Our best thoughts come from others.
Great geniuses have the shortest biographies.
When we quarrel, how we wish we had been blameless.
There is a blessed necessity by which the interest of men is always driving them to the right; and, again, making all crime mean and ugly.
Every burned book enlightens the world.
Every hero becomes a bore at last.
The reason why men do not obey us, is because they see the mud at the bottom of our eye.
The man of genius inspires us with a boundless confidence in our own powers.
The reason why the world lacks unity, and lies broken and in heaps, is, because man is disunited with himself.
A man builds a fine house; and now he has a master, and a task for life: he is to furnish, watch, show it, and keep it in repair, the rest of his days.
The civilized man has built a coach, but has lost the use of his feet.

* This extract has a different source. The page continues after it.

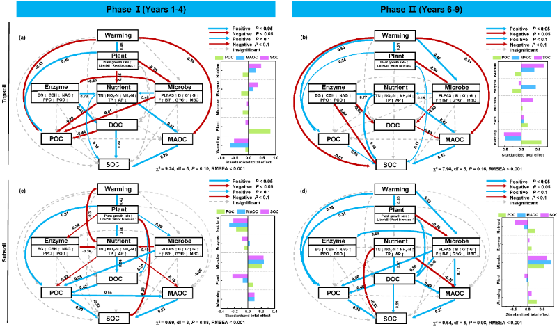針對(duì)這一問題,中國(guó)科學(xué)院華南植物園鼎湖山站劉菊秀研究員團(tuán)隊(duì)于2012年在鼎湖山站建立了野外生態(tài)系統(tǒng)水平被動(dòng)增溫實(shí)驗(yàn)平臺(tái)( 0°C、 1.0°C、 2.1°C),開展了長(zhǎng)期觀測(cè)研究。研究發(fā)現(xiàn),土壤不同有機(jī)碳組分對(duì)增溫的響應(yīng)受增溫時(shí)間的影響。土壤有機(jī)碳對(duì)增溫的響應(yīng)呈“兩個(gè)階段”(圖1、2和3):在第一階段(1–4年),增溫導(dǎo)致土壤有機(jī)碳凈損失,主要由于增溫刺激的植物-微生物養(yǎng)分競(jìng)爭(zhēng)導(dǎo)致土壤表層礦物結(jié)合態(tài)有機(jī)碳顯著減少;在第二階段(6–9年),由于持續(xù)的植物碳輸入和微生物碳代謝的熱調(diào)整使得植物來源的顆粒有機(jī)碳顯著增加,從而導(dǎo)致土壤有機(jī)碳的凈積累。這些結(jié)果表明,在適度增溫下,一些濕潤(rùn)的熱帶和亞熱帶森林土壤可能繼續(xù)積累有機(jī)碳,挑戰(zhàn)了以往僅基于土壤增溫實(shí)驗(yàn)而得出的結(jié)論:即普遍預(yù)測(cè)未來變暖會(huì)使熱帶和亞熱帶森林成為碳源。該研究加深了人們對(duì)增溫下植物-土壤相互作用如何驅(qū)動(dòng)亞熱帶森林土壤有機(jī)碳長(zhǎng)期動(dòng)態(tài)變化的理解。

Doing well is the result of doing good. That's what capitalism is all about.
A man is usually more careful of his money than he is of his principles.
Shallow men believe in luck. Strong men believe in cause and effect.
Genius always finds itself a century too early.
Wherever the invitation of men or your own occasions lead you, speak the very truth, as your life and conscience teach it, and cheer the waiting, fainting hearts of men with new hope and new revelation.
Our chief want is someone who will inspire us to be what we know we could be.
A chief event of life is the day in which we have encountered a mind that startled us.
Every mind must make its choice between truth and repose. It cannot have both.
It is my desire, in the office of a Christian minister, to do nothing which I cannot do with my whole heart. Having said this, I have said all.